はじめに

電話のかわりにメールやチャット、新聞を読むかわりにネットでニュースを検索するデジタルライフスタイルが広まってから、一体どのくらいの月日が過ぎたのでしょうか。

ITU(国際電気通信連合)の発表によると、世界のインターネット利用者数は、2010年中に20億人を突破する勢いで伸びているそうです。

ネットワークにつながっている便利さ。それとは裏腹に、つながっているからこそ気をつけなければならないことがあります。それはコンピュータウィルス対策です。

咳やくしゃみをするときに手で口を押さえること。これはマナー。同様にコンピュータウィルスへの対策を施すことは、世界とつながるネットワーク上のマナーです。

他人事として見過ごすことのないように、日頃からコンピュータウィルス対策を行いましょう。

コンピュータウイルス対策の基本

コンピュータウィルス対策とは、予防、発見、修復(あるいは駆除)すること。風邪の対策と似ていませんか?

感染しないにこしたことはありませんが、感染してしまった時には、慌てずに修復(ウィルスを駆除)することが大切です。

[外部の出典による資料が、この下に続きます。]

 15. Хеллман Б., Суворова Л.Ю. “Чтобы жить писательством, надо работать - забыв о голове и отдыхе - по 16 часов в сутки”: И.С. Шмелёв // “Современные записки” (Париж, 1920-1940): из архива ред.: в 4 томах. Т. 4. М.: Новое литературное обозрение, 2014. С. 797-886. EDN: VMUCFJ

この予防・発見・修復を一手に引き受けてくれるのが、ウィルス対策(またはアンチウィルス)ソフトと呼ばれるソフトウェア製品です。

どのような OS(例:Windows、MAC)を利用している場合でも、必ずウィルス対策ソフトをインストールしておきましょう。

予防する

まずは、ウィルス対策ソフトをインストールしましょう。

インストール後、まずウィルス定義と呼ばれるデータを更新(アップデート)しましょう。詳しい手順は、ご購入製品に付属のマニュアルを参照してください。

風邪と同じように、新型コンピュータウィルスや既存コンピュータウィルスの亜種が日々発見されています。

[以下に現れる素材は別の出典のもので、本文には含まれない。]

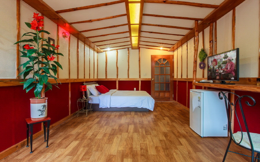 대표 객실로 국화방 203호이다. 원룸 형태로 되어 있지만 넓어서 가족 단위의 여행객들도 머물기 좋은 객실이다. 정원처럼 안고 있는 연리지 숲을 감상할 수 있으며, 객실 내 테라스에서 바비큐 파티를 할 수 있다.

これら新たなウィルスを見逃すことのないよう、ウィルス対策製品各社は、しのぎを削って、ウィルス定義ファイル(ウィルスを特定し、対策するためのプログラム)を作成しています。

ウィルス定義ファイルは毎日更新する必要があります。お使いのソフトの設定を「コンピュータ起動後に毎回アップデート」などに設定しておくとよいでしょう。

発見する

ウィルス対策ソフトがコンピュータのデータをチェックする「頻度」と「範囲」を設定します。

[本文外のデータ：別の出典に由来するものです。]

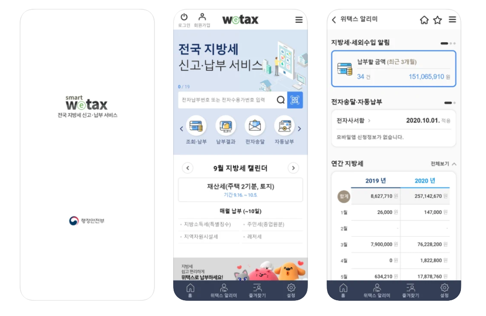 컴퓨터로 위택스 홈페이지에 접속하는 방법도 있지만 스마트폰 어플을 통해서도 조회, 납부 등의 서비스를 이용할 수 있습니다. 모바일 앱으로 전국 모든 지방자치단체의 지방세 관련 업무를 볼 수 있으니 매우 편리한데요.

通常、どのソフトを使用されている場合でも、毎回起動時には、簡単なスキャン(ウィルスの感染チェック)が実行されます。

これ以外に、コンピュータ上の全データを対象とするフルスキャン実行のタイミング(例:毎週1回、毎月1回)を設定しておく必要があります。

詳しくは、お使いのソフト付属のマニュアルを参照してください。少なくとも月に1度は、コンピュータ上の全データをチェックすることが重要です。
感染したコンピュータで使用されていたUSBメモリやディスク経由で感染することがあります。他者から受け取ったメモリやディスク内のデータを利用する前に、個別にスキャンする習慣をつけましょう。

修復する

万一、コンピュータウィルスの感染が判明した場合には、ウィルス対策ソフトの指示に従って、修復または駆除しましょう。

修復・駆除後、必ず、コンピュータ上の全データを対象に、ウィルスのフルスキャンを実行するようにしましょう。

おわりに

悪意のウィルス作成者と善意のウィルス定義(ウィルス対策用の定義ファイル)作成者は、いたちごっこを続けているのが現状です。

風邪と同じで、まったく世の中からなくなることはありませんが、それぞれがマナーを徹底するだけで、悪意あるウィルスの拡散を抑制することができます。

ネットを利用する者のマナーとして、予防・(早期)発見・修復を徹底しましょう!